While cell lines are a popular model for cancer cells, the conditions in a dish are obviously different than what real tumor cells experience. The conditions in which tumor cells exist are often called the tumor microenviroment (TME), which includes surrounding non-tumor cells (stromal and immune cells) as well as blood vessels. These differences in environment are mirrored in differences in transcriptomes when comparing tumor cells to cells from a cell line, i.e. there is a shift in distribution of gene expression patterns.

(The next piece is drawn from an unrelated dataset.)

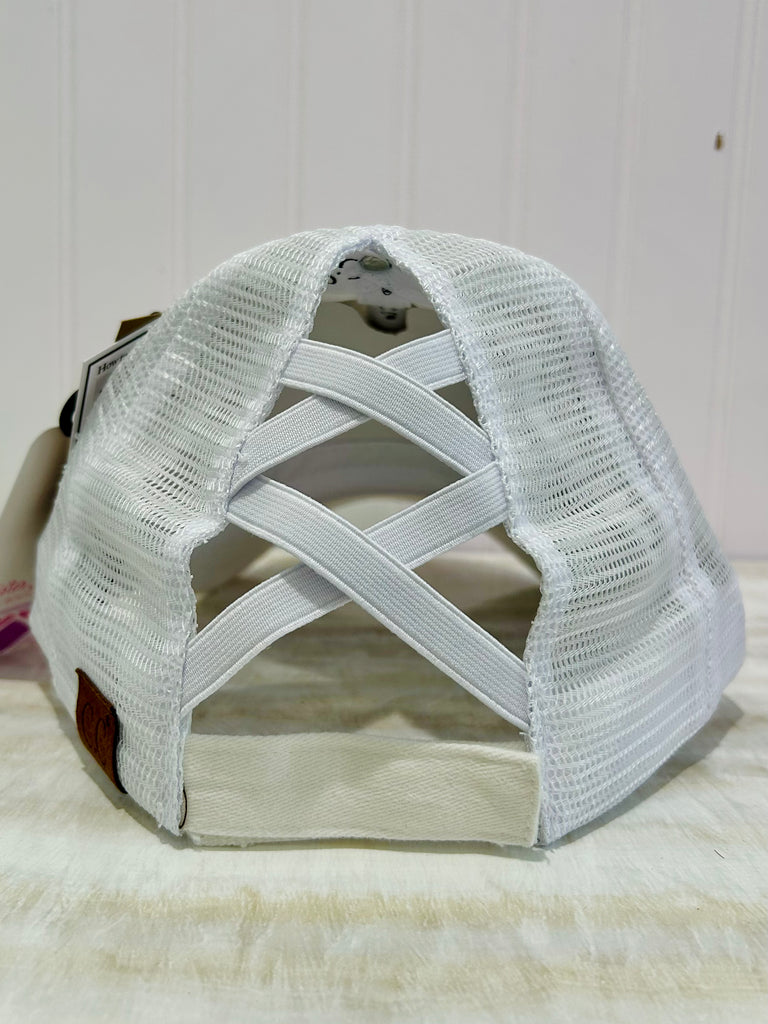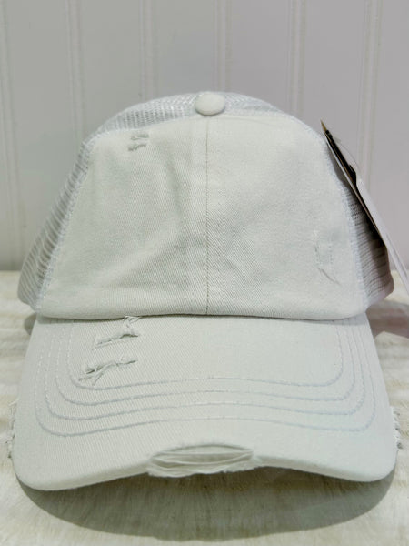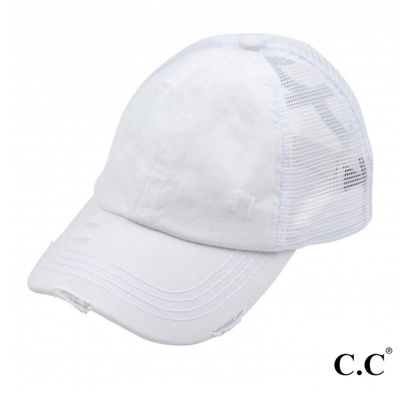 Super cute distressed white CC baseball cap with an elastic criss cross ponytail opening, a mesh back, and an adjustable velcro closure.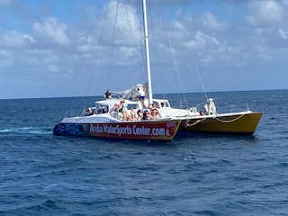 Skusiłem się na rejs katamaranem i nurkowanie z rurką. Wśród całej grupy turystów najliczniejszą grupę stanowili Amerykanie i Kanadyjczycy. Było raptem po 9 a niektórzy z towarzystwa byli już na lekkim gazie. Zrobiło mi się szkoda na widok zwłaszcza jednego chłopaka, na oko dwudziestoparolatka, mającego za kompana nabitego mięśniami ojca, no chyba że to nie był jego ojciec tylko papi. Chłopak miał ewidentnie przekrwione oczy, smutne, puste spojrzenie, ledwo trzymał się na nogach a jego towarzysz tylko wlewał w niego kolejne porcje wyskokowych trunków nadając niesamowite tempo temu wczesnoporannemu alkoholowemu maratonowi.

This shift in distribution between a machine learning model’s training data (cell lines) and its test data (tumor cells) is called domain shift. Conventional machine learning models usually handle domain shifts poorly, which means that their predictions get worse on the new data compared to their performance on the training data. The machine learning field researching solutions to this problem is called domain adaptation. The goal is to make models more robust, which means that they generalize better to unseen data that is subject to domain shift.

One technique to minimize sensitivity of neural networks to domain shifted data was introduced by Ganin et al. (2016) and is called domain adversarial learning. Here, the two different data sets (cell lines vs tumor cells) are used for training. Crucially, the model only get to see the labels (pathway activation status) for the cell line data. The model is set up in a way to learn to predict pathway activation for the cell lines, while learning to ignore signals that would help to distinguish cell lines from tumors.

To show that this approach is superior, we train two neural networks, one without and one with domain adaptation. Finally, we want to show that the latter approach improves pathway activation prediction performance on the tumor data compared to the baseline model.